Farewell 2013 … maybe

But both major parties are expected to bid farewell to the parliamentary year on a typically acrimonious note, which could see in Mr Abbott deliver on his promise to keep the class back, possibly through Christmas, unless his legislative wishes are granted.

Mr Abbott wants the Senate to vote on the government’s carbon tax repeal bills this week.

Cabinet minister Greg Hunt says the Senate could vote on the legislation any day this week, even if Mr Abbott is absent from parliament.

“I think both the prime minister and the leader of the opposition are doing precisely what they should be doing in representing Australia at one of the world’s most significant events not just of the year, but of the decade,” he told reporters in Canberra.
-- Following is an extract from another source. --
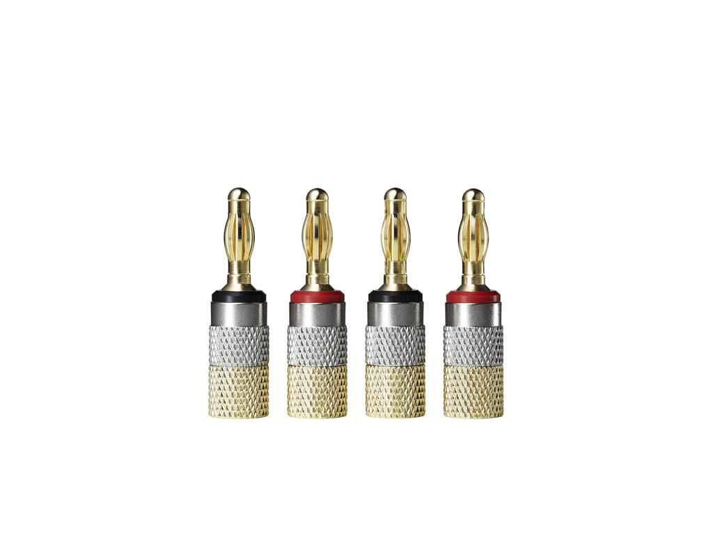 Compatible with speaker cables with conductor aggregate diameter up to 3.7mm - Compatible with banana jacks with diameters of φ4.0mm to 4.5mm. Because the connection with the speaker is stable, you can enjoy the original sound quality of the sound source without sacrificing it. - Rear connection type, can be combined with speaker cables with a conductor aggregate diameter of up to 3.7 mm. The cable can be folded into the sturdy metal body and securely fixed by tightening the screw. In addition, the red and black rings allow you to quickly identify the cables that have been set up.・Gold plating is used for the surface treatment of the plug.The gold plating is resistant to aging and transmits audio signals efficiently.・By covering the protective tube that comes with the accessory with the protective tube that prevents plugs from touching together, you can prevent plugs from touching and causing a short circuit.

“I think that it’s entirely appropriate, and it would be inappropriate for them not to attend on a bipartisan basis.”

The package of 11 bills already has cleared the lower house, but it’s unlikely Labor and the Australian Greens will let it pass the Senate.

Labor insists the carbon tax must be replaced by an emissions trading scheme before it will back the legislation.

While the vote over the carbon tax is expected to see the Green join forces with the ALP to vote against the government, it was a rare political alliance between the Greens and the coalition that saw the debt ceiling tossed into the dustbin of history.

The vote on Monday ended a parliamentary gridlock over the ceiling, which the government initially wanted to increase from $300 billion to $500 billion.

The ceiling was introduced by the Rudd government in 2008, starting with a cap of $75 billion. The coalition-Greens deal requires further debt reporting in the budget and its updates.

It also requires the government to deliver a debt statement whenever borrowings increase by $50 billion. The amended legislation requires the approval of the lower house, where the coalition has a majority.